Дочь говорила что-то, но старуха уже не слышала. Она вдруг как бы очнулась, когда заговорили о внуке, который где-то там учился, что ли, а тосковал по иконам, по чистоте и откровению, по спасению души своей, как она поняла со слов старой учительницы Марии Сергеевны.
— Ничего не признает и никакого уважения не имеет ни к старшим, ни к дому, ни к должности, — продолжала тем временем Светлана, и в самоуверенном тоне ее появились нотки не столько горькие, сколько растерянные. — А Ларька за ней как нитка за иголкой: Дашка да Дашка. А в Дашке, как говорится, ни кожи ни рожи: тоща да так вежлива, что прямо хоть вой. «Извините», «пожалуйста», «будьте так добры» — совсем мне парня испортила…

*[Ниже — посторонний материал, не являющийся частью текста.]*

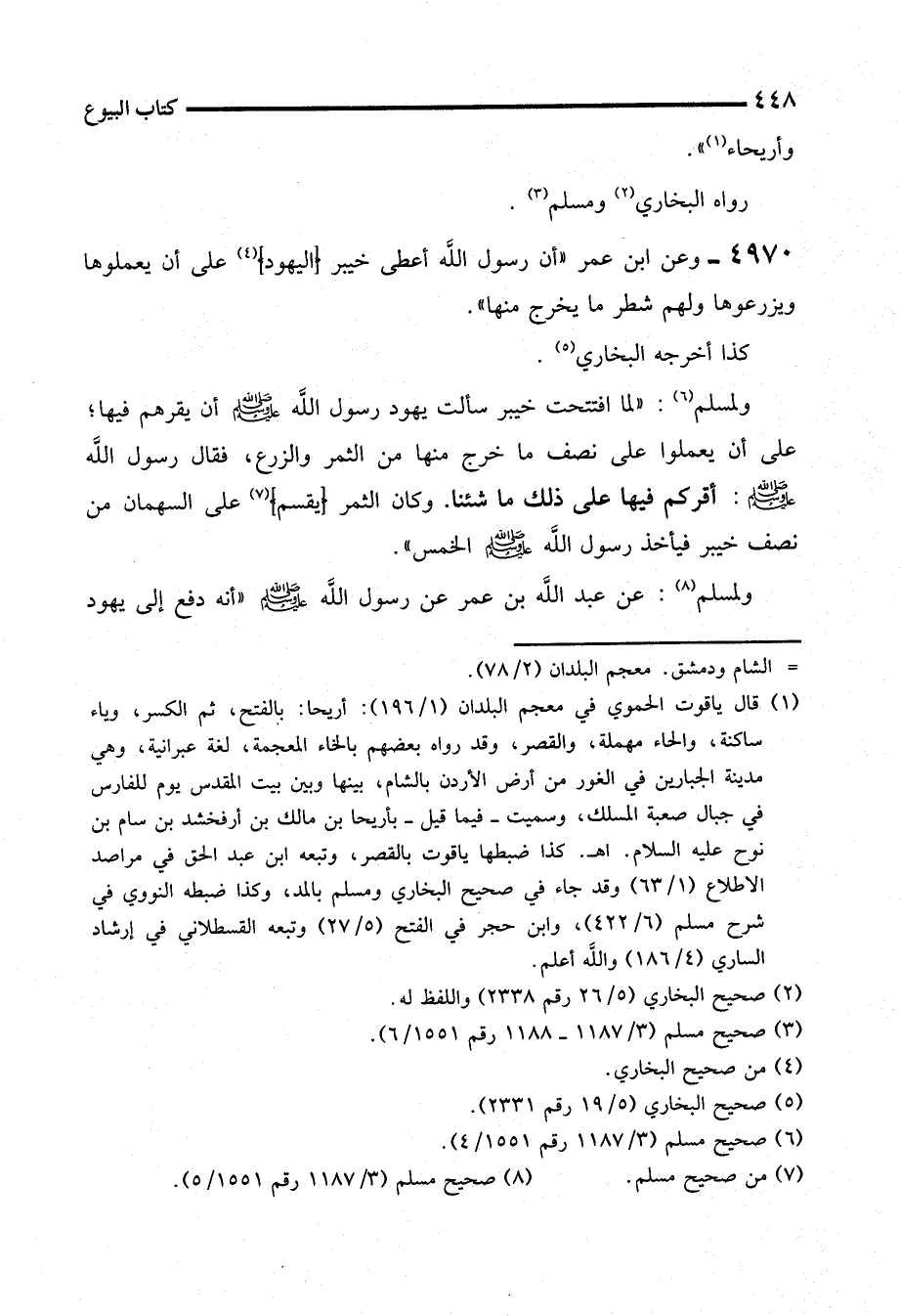 4970 - وعن ابن عمر "أن رسول الله أعطى خيبر (اليهود) (¬4) على أن يعملوها ويزرعوها ولهم شطر ما يخرج منها".
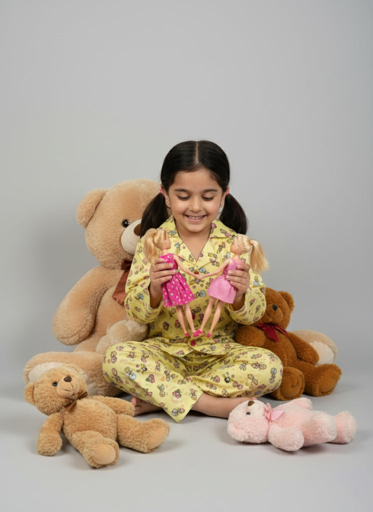 Keep your little one cozy and stylish with our Girls’ All-Over Rotary Printed Night Suit, crafted from imported Lycra fabric. Specially designed for ages 1 to 6 years, this night suit offers the perfect balance of softness, stretch, and breathability, ensuring all-night comfort.
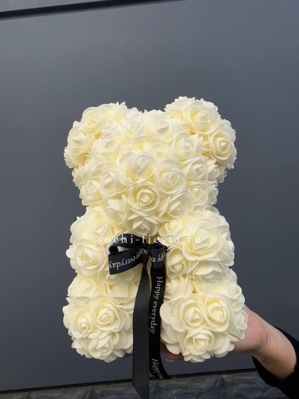 Белый медведь из фоамирана в оттенке шампань напоминает облако из мелких бутонов. Плотная структура материала держит форму и сохраняет первоначальный вид надолго.
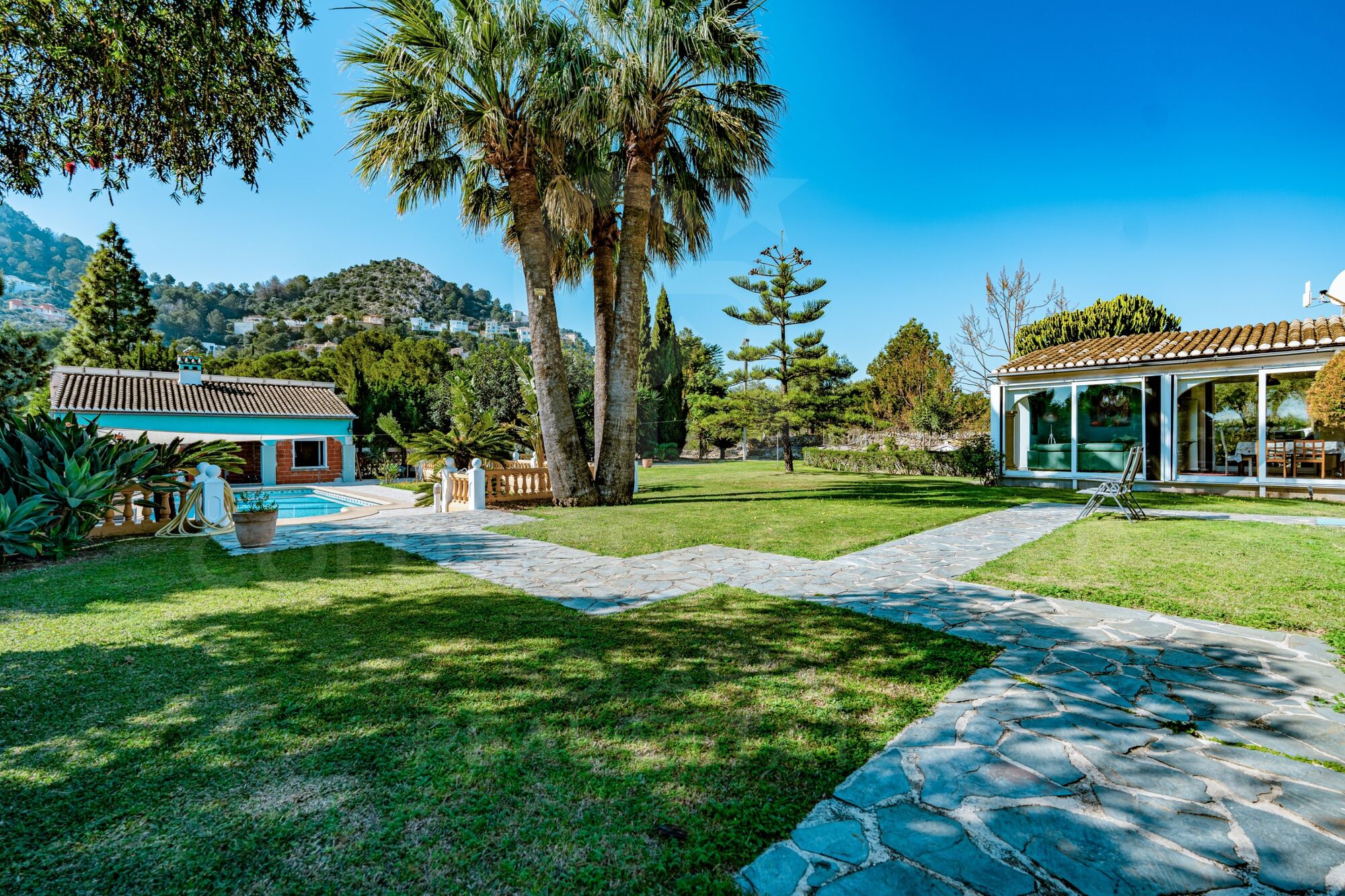 Diese elegante Finca befindet sich im prestigeträchtigen Viertel Albardanera in La Sella und repräsentiert eine perfekte Kombination aus Privatsphäre, Geräumigkeit und einem authentischen mediterranen Lebensstil. Das Grundstück liegt auf einem atemberaubenden, flachen Grundstück von 6.000 m² und bietet offene Ausblicke und eine privilegierte natürliche Umgebung, nur wenige Minuten von der Küste und allen Annehmlichkeiten entfernt.
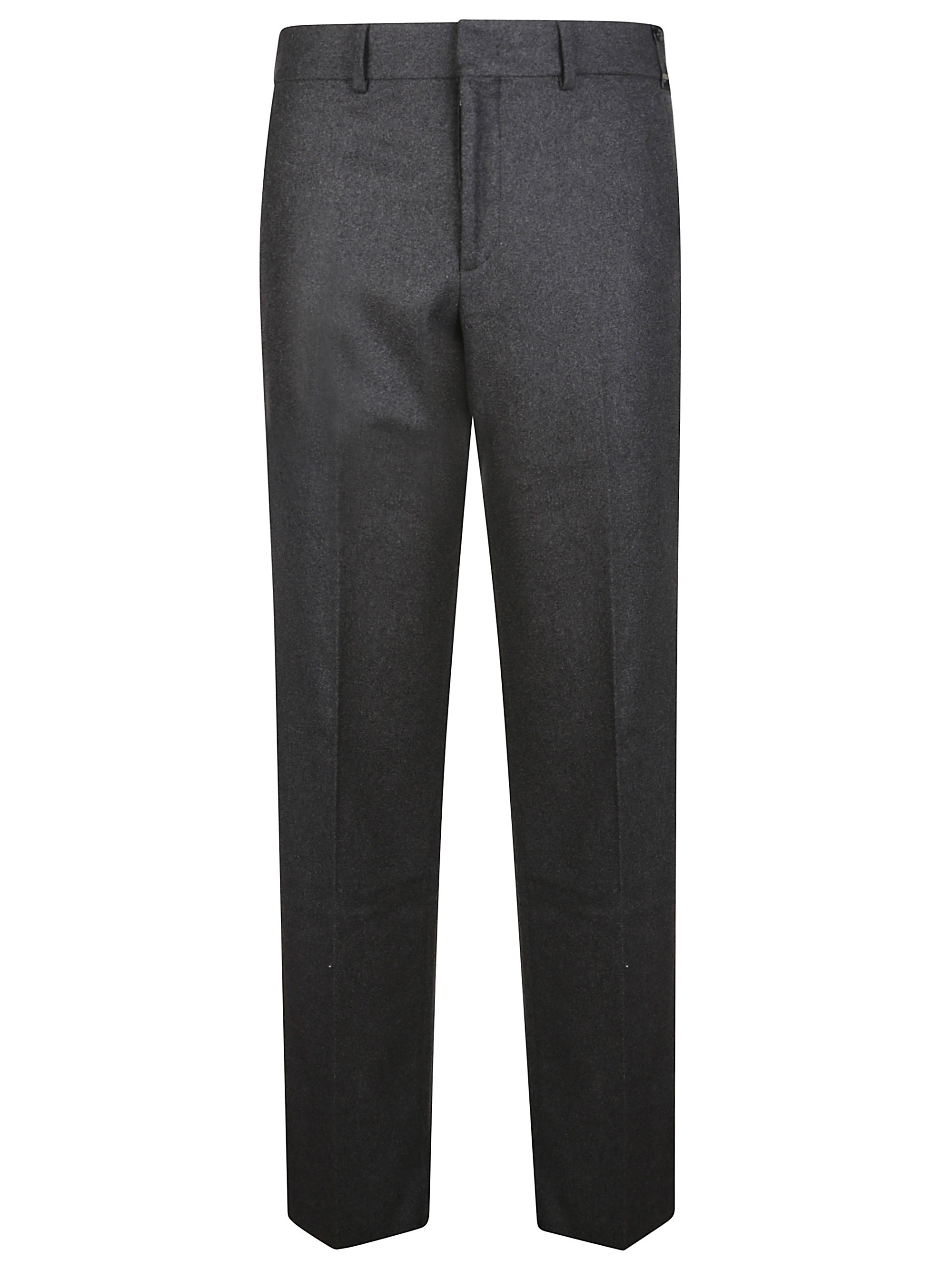 Pantalone sartoriale [ SKU: 11309750389 ] Tailored trousers by FENDI in dark grey cashmere blend with melange effect, belt loops, hidden diagonal side and back pockets, pressed crease, straight fit and hidden front fastening with button, hook and zip. Composition 98%WS,2%EA+100%VI+NR1BOTT:MADR Reference FB1020ASCAF0UU0 Made in Italy
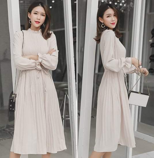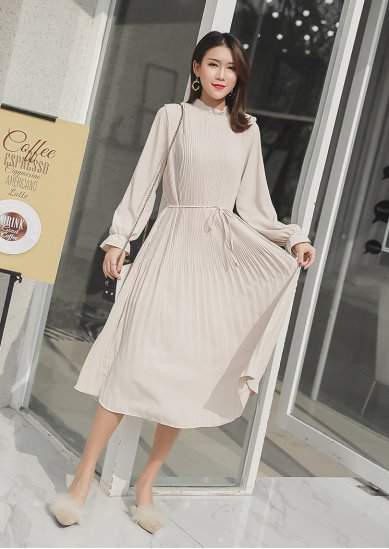 シフォンワンピ フリルネック プリーツ アプリコット ピンクカラーエクリュカラー フレアスリープ ハイウエストエクリュ ナチュラル シンプル 92

Не переставая ворчать, дочь распахнула шкаф и теперь металась от него к большому зеркалу и обратно, прикидывая то очередной костюмчик, то кофточку, то платье. А старуха и не пыталась вникнуть в дочкины ворчанья про внучка и неизвестную ей Дашку, но радовалась, потому что эта общая, женская, семейная, родственная неприятность сблизила их, как давно уж ничего не сближало. Дочь, занятая подбором вечернего наряда, перестала напускать на себя важность и значительность, стала по-бабьи жаловаться на сына и его новую подружку, превратившись в нормальную, в меру раздражительную, в меру усталую женщину, мать, жену и хозяйку. И старуха поняла, что все усиленные подчеркивания «вашей деревни» — все напускное, чужое, нахватанное. И поначалу старуху обрадовало, что эта городская пена, газировка эта не дала корней и ростков, но потом подумала, что и прежних-то, деревенских корней в ее Светлане нету более, и сильно огорчилась, потому что дочь представилась совсем уж перекати-полем, совсем уж вырванным из земли кустом, обреченным на гибель безо всякого проку. С дочери мысли ее перекинулись на зятя, на «самого», столь самозабвенно коловшего свиней, и в нем она тоже не нашла ни единого корешка, как у камня, не способного дать продление жизни, или выкорчеванного пня, обреченного на медленное гниение и распад. И только Ларик, внучек ее, представлялся укоренившимся, устойчивым, способным думать не об одних лишь удовольствиях и приморском отдыхе, но и о душе. И поэтому она очень ждала Ларика и немножко побаивалась какой-то Дарьи, за которой, по словам дочери, он ходил следом, как телок.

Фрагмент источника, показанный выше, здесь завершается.